In most political campaigns, design is often the last item on the checklist. Pick a colour, slap on a slogan, and pray that someone will notice your sign in the forest of lawn clutter. The assumption is that most voters don’t care how a campaign looks, only what it says.
But what if design didn’t just decorate a campaign—like those happy folks standing behind the candidates on the campaign trail? What if it drove it?
That’s what happened when Zohran Mamdani, the Democratic Socialist and former state assemblyman, ran for mayor of New York and won.
His volunteers weren’t just knocking on doors; they were collecting stamps. Each was given a “Zetro card,” a clever riff on the city’s MetroCard. Every time they canvassed, they got a stamp; fill the card and you earned a limited-edition poster or T-shirt.
Campaign merch so desirable, it became social currency. Imagine that: design not just as branding, but as the fuel for a political campaign.
Most political branding in this country is beige (actually red, blue, orange or green) wallpaper. It's flat, safe, and forgettable. A serif here, a maple leaf there, and a generic slogan about change or going forward together.
Ironically, many campaigns promise change, yet few change how they look.
And, in a crowded, polarised media landscape, sameness is death. When every party starts to look the same, design becomes one of the few levers left to stand out, not just on the street, but in the hearts of the people (often young people) who power the campaign.
Designer Aneesh Bhoopathy said the goal was to give it “a human touch.” Mission accomplished. The campaign looked like something that already belonged to New Yorkers instead of something asking for permission to.
The posters were the showpiece. Created by Tyler Evans, a veteran of Bernie Sanders’s design team, they stripped the message down to a single word: “Zohran.” Bold. Minimal. Unmistakable. You could spot one from half a block away. And you wanted one badly.
The design didn't just look different, it signalled belonging. This was politics translated through the vernacular of everyday life.
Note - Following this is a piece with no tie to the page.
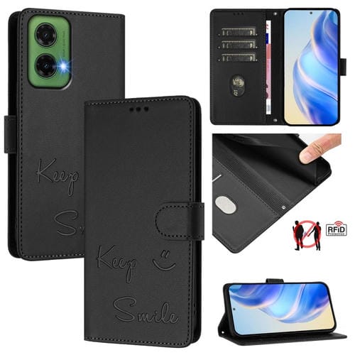 Funda de Cuero Rfid con Relieve Sonriente para Motorola Moto G35 (Negra)

A pretty good idea when you're running on affordability for everyday people living everyday lives.
And in doing so, it tapped into something brands have long understood: design builds community. Just as sneakerheads line up for the latest drop, Mamdani’s supporters lined up for posters and T-shirts that meant something. These weren’t giveaways; they were badges of belief.
The Zetro card might have looked like a gimmick to veteran political strategists. It was a strategy.
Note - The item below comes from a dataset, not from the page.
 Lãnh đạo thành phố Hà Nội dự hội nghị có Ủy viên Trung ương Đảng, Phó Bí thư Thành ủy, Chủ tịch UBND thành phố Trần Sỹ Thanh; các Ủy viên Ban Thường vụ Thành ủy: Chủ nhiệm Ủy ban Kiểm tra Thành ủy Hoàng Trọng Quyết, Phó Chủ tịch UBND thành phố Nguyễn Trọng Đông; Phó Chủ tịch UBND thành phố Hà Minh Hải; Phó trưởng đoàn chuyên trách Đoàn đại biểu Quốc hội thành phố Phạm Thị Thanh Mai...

Every stamp represented another door knocked, another conversation, another act of participation. Volunteers weren’t managed; they were motivated. The design made the campaign tactile, playful, and addictive. That’s what most campaigns miss. They fail to recognise that design’s real power is mobilisation. The ground game is about emotions as much as logistics. The best design doesn’t tell you what to believe; it makes you proud to belong.
Canadian political design has long been allergic to risk. The visual ambition rarely rises above “visible from a distance.” (See above re: lawn signs.)
Mamdani’s campaign didn’t just persuade; it seduced. It reminded us that good design can sell an idea and move people to act on it.
Perhaps those responsible for orchestrating the party's ground efforts for the next federal campaign in Canada will recognise the power of design and demand more out-of-the-box thinking from those who make the campaign posters and podium cards.